PostgreSQL SIMILAR TO operator

Updated: January 6, 2024 By: Guest Contributor Post a comment

Introduction

The PostgreSQL SIMILAR TO operator is a powerful tool for pattern matching. It allows you to define a pattern using SQL standard’s regular expressions to match data within your database tables. Whether you’re a seasoned DBA or a novice SQL user, understanding SIMILAR TO can enhance your data querying abilities.

Basic Usage of SIMILAR TO

Firstly, let’s look at the syntax: value SIMILAR TO pattern. This operator returns true if the value matches the pattern.

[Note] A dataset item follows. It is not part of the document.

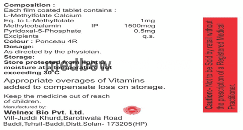 Composition L-Methyl Folate (1mg) + Methylcobalamin (1500mcg) + Pyridoxal-5-phosphate (0.5mg)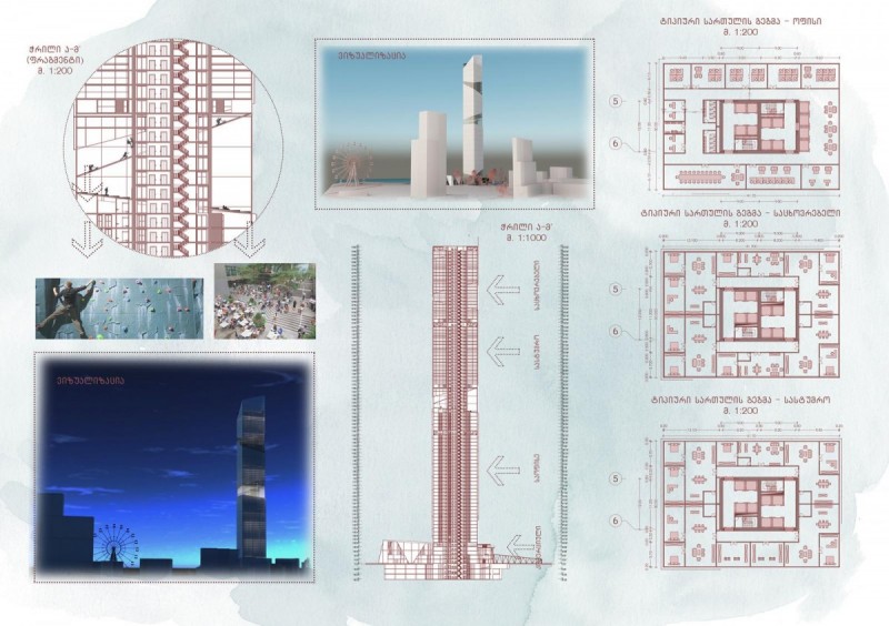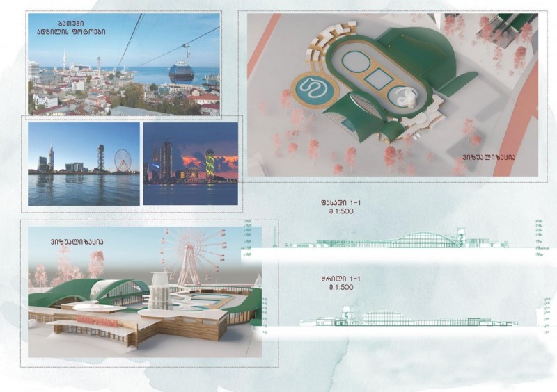 Project Contains skyscraper and aquapark, which are located in Batumi on the Black Sea beach

Here’s the simplest example:

SELECT 'abcdef' SIMILAR TO 'abc%';
-- Returns true

In this case, the % symbol is a wildcard that represents any sequence of characters. Therefore, the pattern ‘abc%’ will match any string that begins with ‘abc’.

Including Specific Characters

You can specify the inclusion of specific characters in your pattern:

SELECT 'abc123' SIMILAR TO 'abc_123';
-- Returns true

The _ in the pattern is a placeholder for a single character. In this case, it matches the number 1.

Using Character Classes

SIMILAR TO also allows for the use of character classes to match one character out of a set of characters:

SELECT 'a2' SIMILAR TO 'a[0-9]';
-- Returns true

The pattern 'a[0-9]' will match any string that starts with ‘a’ followed by any digit from 0 to 9.

Repetition Patterns

If you need to match a specific number of repetitions, you can use:

SELECT 'aaaa' SIMILAR TO 'a{4}';
-- Returns true

The {4} means exactly four repetitions of the character ‘a’. Similarly, you can define a range of repetitions:

SELECT 'aaa' SIMILAR TO 'a{2,4}';
-- Returns true

It matches strings that contain from two up to four ‘a’ characters consecutively.

Complex Patterns

The real power comes when combining these notations to create more complex patterns:

SELECT 'a1b2c3' SIMILAR TO 'a[1-9]b[0-9]c[0-9]';
-- Returns true

This pattern ensures the string starts with ‘a’, followed by a digit 1-9, then ‘b’, any digit, ‘c’, and any digit as well.

Using the OR Operator

You can also use the pipe symbol (|) as an OR operator to match multiple patterns:

SELECT 'axy' SIMILAR TO 'a(x|y)';
-- Returns true

This matches strings that start with ‘a’ and are followed by either ‘x’ or ‘y’.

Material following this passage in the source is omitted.